Task statement: Copy the opening lines of the listing exactly, through and including the line with "Kaza, Milas-Bodrum karayolu"; do not copy any pictures.

[Opening Information shown section]

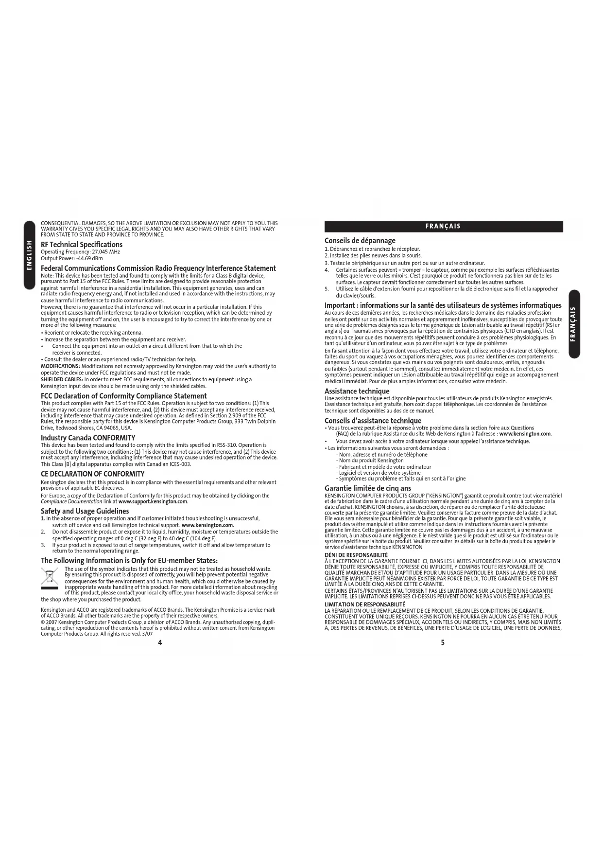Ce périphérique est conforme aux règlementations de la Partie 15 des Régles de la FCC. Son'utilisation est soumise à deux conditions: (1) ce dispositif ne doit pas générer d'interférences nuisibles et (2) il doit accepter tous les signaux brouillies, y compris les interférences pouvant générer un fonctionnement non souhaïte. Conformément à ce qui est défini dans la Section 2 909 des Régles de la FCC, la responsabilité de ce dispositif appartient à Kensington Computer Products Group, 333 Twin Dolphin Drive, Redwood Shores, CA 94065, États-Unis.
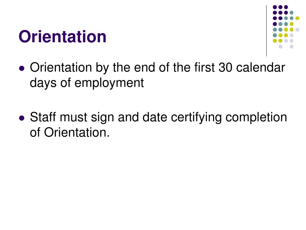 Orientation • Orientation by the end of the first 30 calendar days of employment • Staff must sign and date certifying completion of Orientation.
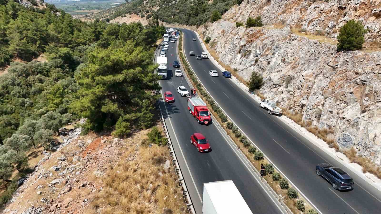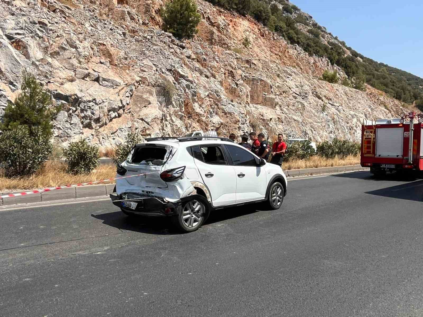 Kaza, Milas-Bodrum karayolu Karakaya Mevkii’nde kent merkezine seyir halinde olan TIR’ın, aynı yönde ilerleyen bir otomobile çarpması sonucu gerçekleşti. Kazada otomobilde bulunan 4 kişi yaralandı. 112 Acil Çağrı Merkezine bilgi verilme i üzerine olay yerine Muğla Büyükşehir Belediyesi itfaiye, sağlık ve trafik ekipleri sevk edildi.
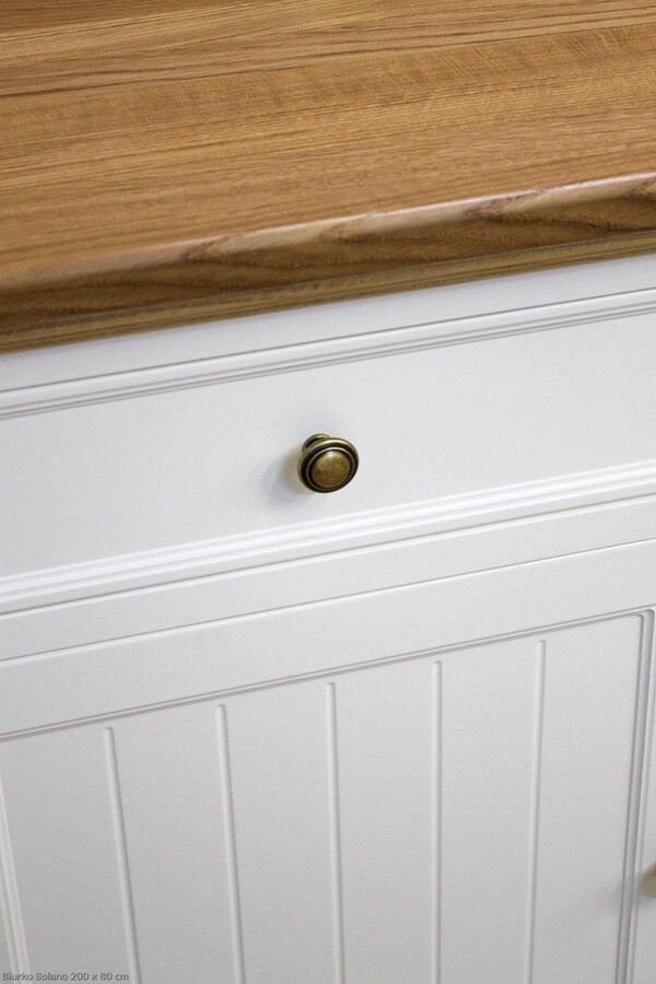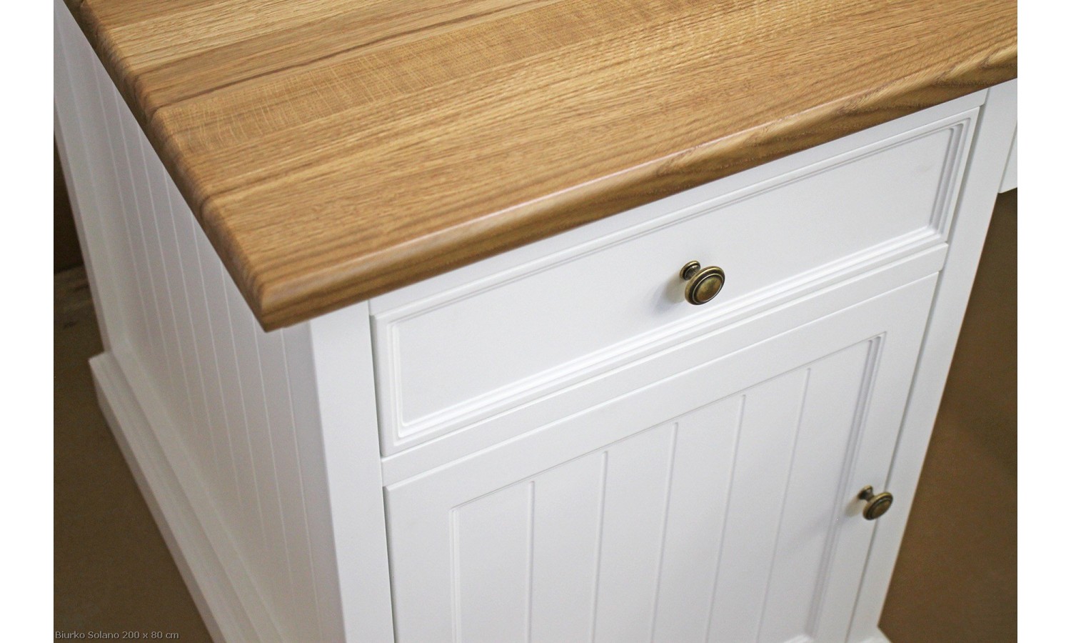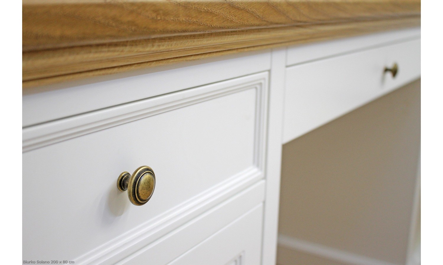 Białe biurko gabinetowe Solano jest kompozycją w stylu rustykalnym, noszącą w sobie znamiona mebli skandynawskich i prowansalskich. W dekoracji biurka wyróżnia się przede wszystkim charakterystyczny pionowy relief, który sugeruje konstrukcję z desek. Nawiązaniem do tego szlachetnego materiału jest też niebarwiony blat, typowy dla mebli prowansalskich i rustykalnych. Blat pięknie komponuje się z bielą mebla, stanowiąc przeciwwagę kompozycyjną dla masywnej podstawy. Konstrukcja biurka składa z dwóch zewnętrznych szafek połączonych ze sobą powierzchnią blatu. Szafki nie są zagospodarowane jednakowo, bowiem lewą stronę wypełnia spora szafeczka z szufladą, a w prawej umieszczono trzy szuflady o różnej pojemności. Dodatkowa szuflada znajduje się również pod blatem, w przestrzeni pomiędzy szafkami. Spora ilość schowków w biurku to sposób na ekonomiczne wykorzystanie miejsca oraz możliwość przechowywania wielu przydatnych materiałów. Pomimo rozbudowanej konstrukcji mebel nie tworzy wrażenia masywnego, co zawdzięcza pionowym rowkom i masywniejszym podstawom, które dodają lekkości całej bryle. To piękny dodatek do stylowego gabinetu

[Closing Information shown section]

Response area:
Ce périphérique est conforme aux règlementations de la Partie 15 des Régles de la FCC. Son'utilisation est soumise à deux conditions: (1) ce dispositif ne doit pas générer d'interférences nuisibles et (2) il doit accepter tous les signaux brouillies, y compris les interférences pouvant générer un fonctionnement non souhaïte. Conformément à ce qui est défini dans la Section 2 909 des Régles de la FCC, la responsabilité de ce dispositif appartient à Kensington Computer Products Group, 333 Twin Dolphin Drive, Redwood Shores, CA 94065, États-Unis.
 Orientation • Orientation by the end of the first 30 calendar days of employment • Staff must sign and date certifying completion of Orientation.
 Kaza, Milas-Bodrum karayolu Karakaya Mevkii’nde kent merkezine seyir halinde olan TIR’ın, aynı yönde ilerleyen bir otomobile çarpması sonucu gerçekleşti. Kazada otomobilde bulunan 4 kişi yaralandı. 112 Acil Çağrı Merkezine bilgi verilme i üzerine olay yerine Muğla Büyükşehir Belediyesi itfaiye, sağlık ve trafik ekipleri sevk edildi.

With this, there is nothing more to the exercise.